**Data extracts**:
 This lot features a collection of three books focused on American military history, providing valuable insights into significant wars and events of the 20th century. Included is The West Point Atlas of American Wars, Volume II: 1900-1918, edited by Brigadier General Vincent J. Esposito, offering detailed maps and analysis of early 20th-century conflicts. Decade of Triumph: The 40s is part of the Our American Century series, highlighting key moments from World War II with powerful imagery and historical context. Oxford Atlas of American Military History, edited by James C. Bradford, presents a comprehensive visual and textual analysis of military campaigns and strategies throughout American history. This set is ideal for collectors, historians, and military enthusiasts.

--

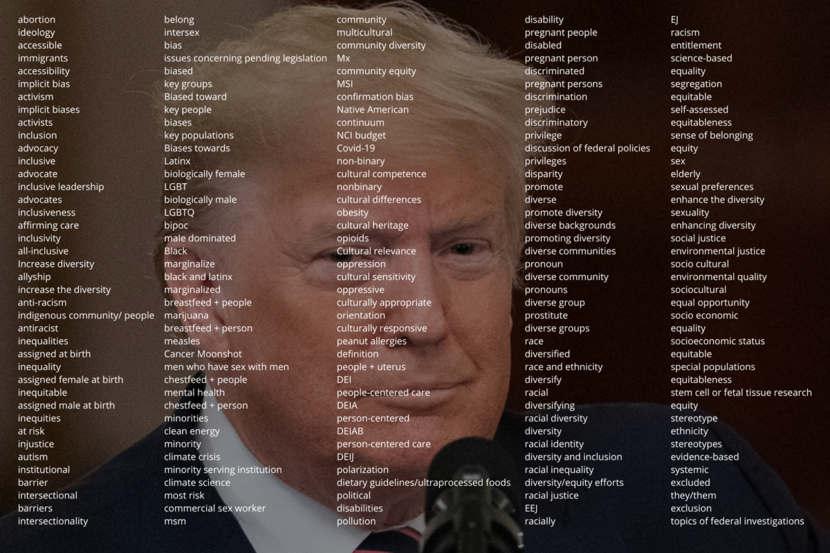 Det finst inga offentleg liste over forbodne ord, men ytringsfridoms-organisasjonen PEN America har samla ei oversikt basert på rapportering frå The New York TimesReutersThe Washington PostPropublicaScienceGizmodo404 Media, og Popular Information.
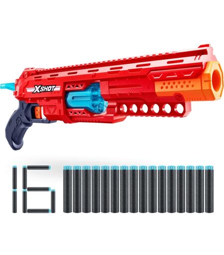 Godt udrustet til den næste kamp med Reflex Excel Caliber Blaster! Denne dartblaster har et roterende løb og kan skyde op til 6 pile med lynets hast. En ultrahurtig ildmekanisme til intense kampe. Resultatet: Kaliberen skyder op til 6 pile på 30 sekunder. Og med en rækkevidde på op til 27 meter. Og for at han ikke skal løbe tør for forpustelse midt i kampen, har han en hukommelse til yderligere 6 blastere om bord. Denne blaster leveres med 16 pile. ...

**Task objective**: The stretch to restate runs from the line above containing "Det finst inga" through the line containing "Godt udrustet til". Copy it word for word, ends included, without pictures.

**Exercise response**:
 Det finst inga offentleg liste over forbodne ord, men ytringsfridoms-organisasjonen PEN America har samla ei oversikt basert på rapportering frå The New York TimesReutersThe Washington PostPropublicaScienceGizmodo404 Media, og Popular Information.
 Godt udrustet til den næste kamp med Reflex Excel Caliber Blaster! Denne dartblaster har et roterende løb og kan skyde op til 6 pile med lynets hast. En ultrahurtig ildmekanisme til intense kampe. Resultatet: Kaliberen skyder op til 6 pile på 30 sekunder. Og med en rækkevidde på op til 27 meter. Og for at han ikke skal løbe tør for forpustelse midt i kampen, har han en hukommelse til yderligere 6 blastere om bord. Denne blaster leveres med 16 pile. ...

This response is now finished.